We knew in our inner hearts that winter wasn’t quite over. There is lots of room in March for storms. Actually, until a few years ago the largest snowfall record in St. John’s was on a day in early April. Nevertheless, this year in mid-February there was one glorious week when the garden around our home was bare and warmth had returned to the sun of a cloudless sky.
Global Warming?
People talk about global warming being a new phenomenon, but I remember from the Books of Newfoundland a story about dandelion growing on New Cove Road in February. I myself remember a day back in the 1980s when me and a friend played tennis one glorious Saturday morning at Bowring Park on the 17th of February. There had been rain for a week and then two days of sun. There was still a bank of snow near the base line on one side of the court but it was still a lovely day.
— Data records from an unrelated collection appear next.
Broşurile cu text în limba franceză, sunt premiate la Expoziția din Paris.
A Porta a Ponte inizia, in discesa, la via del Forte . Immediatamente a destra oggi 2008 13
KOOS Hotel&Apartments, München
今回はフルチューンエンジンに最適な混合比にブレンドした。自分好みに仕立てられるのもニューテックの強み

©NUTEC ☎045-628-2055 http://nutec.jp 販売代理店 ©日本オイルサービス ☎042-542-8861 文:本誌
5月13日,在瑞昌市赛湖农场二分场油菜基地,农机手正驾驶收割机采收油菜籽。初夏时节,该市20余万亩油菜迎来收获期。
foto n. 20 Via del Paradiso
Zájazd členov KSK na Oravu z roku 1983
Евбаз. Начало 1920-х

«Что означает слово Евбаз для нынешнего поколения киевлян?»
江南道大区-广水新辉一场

So it was that in this year of Our Lord we were graced with “a false spring.” In mid-February the snow was nearly gone and there peeked up through the white patches the little bits and pieces of earlier times. The flotsam and jetsam of a summer gone spilling out from under the snow in mid-winter. There were eight golf balls looking up through the grass. There was a wine bottle there by the trunk of a birch tree and there was a pair of cantilevered pruning shears not retrieved during the fall clean-up.
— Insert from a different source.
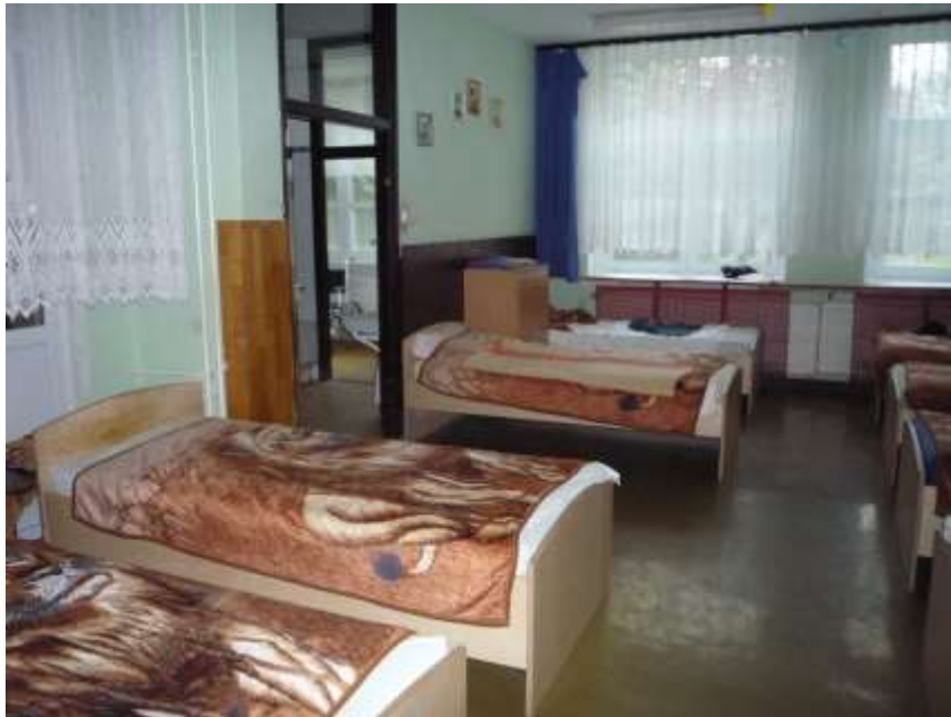
1. számú kép: Zsúfoltság nagy szobában

There was also the ghost of a Christmas tree up by the shed and a small pile of birch junks that had spent the winter, not in the safety of a woodpile, but left under the snow. These things were kept company by a few empty beer tins. Passers-by must have thrown them in. There wasn’t too much junk really because we had cleaned up in late November for fear of snowblower-propelled objects flying around the property. I have over the years lost two windows (one of them on an antique vehicle) to the snowblower. It has also driven a couple of golf balls through the vinyl siding on the house. This year no damage to speak of because of our cleanup.
False Spring
Now in the sun, me and good wife tidied up outside and even enjoyed the sight of a few returning birds. Later in the summer we would again hear the call of the loon across the pond. In the afternoon sun we planned a barbecue. We still had lots of propane. It was a beautiful afternoon, so we took out two canvas folding chairs that don’t usually make an appearance until May. Then with the warm sun of a false spring on our faces and the promise of a summer ahead one of us asked the magic question of spring; “Do you want a beer?”